# My stars disappeared before my eyes



## Uberingdude (May 29, 2017)

This morning I clicked on my ratings to see what it's at. It showed that I had 285 five stars. Suddenly the number change to 283 five stars.
Man! Only thing that makes sense is someone changed their rating in retaliation after seeing I gave them less than five stars.


----------



## Abraxas79 (Feb 7, 2016)

Keep after support for an explanation. They are suppose to bring more clarity to their bogus rating system.


----------



## UBERPROcolorado (Jul 16, 2017)

Got the answer. Per support it only occurs when a rating is changed by the rider. This rating battle is crazy and in my opinion a waste of time. I give all riders 5 stars unless the police get involved. That way I don't have to worry.


----------



## A T (Aug 3, 2016)

Uberingdude said:


> This morning I clicked on my ratings to see what it's at. It showed that I had 285 five stars. Suddenly the number change to 283 five stars.
> Man! Only thing that makes sense is someone changed their rating in retaliation after seeing I gave them less than five stars.

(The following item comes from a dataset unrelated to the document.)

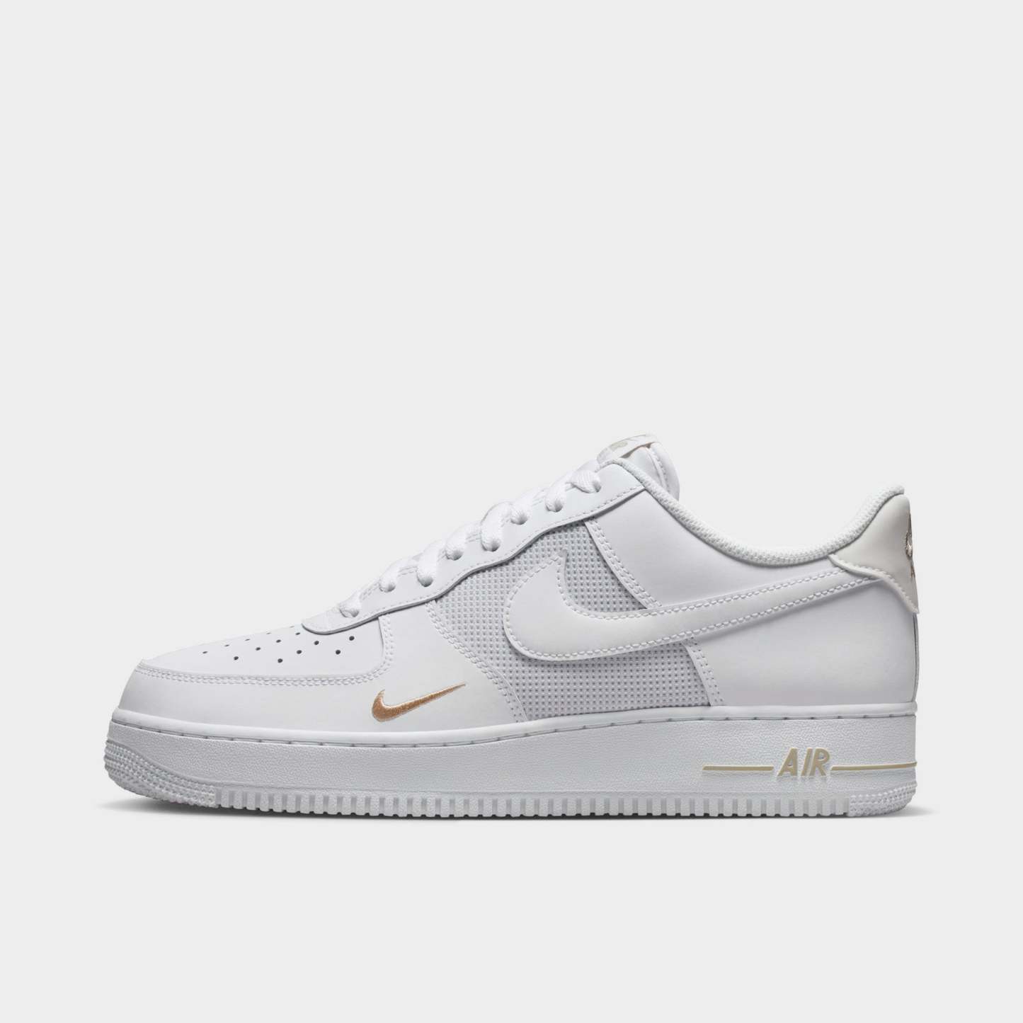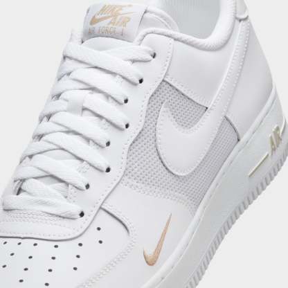 The Nike Air Force 1 White/Silver refreshes a timeless icon with sleek detailing and everyday versatility. Its smooth leather upper softens and gains character with wear, while classic Air cushioning ensures comfort from morning to night. A low-cut, padded collar keeps the look streamlined, and perforations at the toe promote airflow. Finished with a durable rubber outsole for dependable grip, this AF1 balances heritage design with modern wearability.

Give all passengers five stars in the beginning take notes on the passengers you want to give less than five stars 2 wait about 3 weeks then rewrite the passengers accordingly that's what I do haven't had any problems with ratings



Abraxas79 said:


> Keep after support for an explanation. They are suppose to bring more clarity to their bogus rating system.


What support? Stuff hasn't changed. Uber will stick by their bogus rating system till the day they get sued or go under?


----------



## Uberingdude (May 29, 2017)

A T said:


> Give all passengers five stars in the beginning take notes on the passengers you want to give less than five stars 2 wait about 3 weeks then rewrite the passengers accordingly that's what I do haven't had any problems with ratings
> 
> What support? Stuff hasn't changed. Uber will stick by their bogus rating system till the day they get sued or go under?


 how do I request to change ratings again?


----------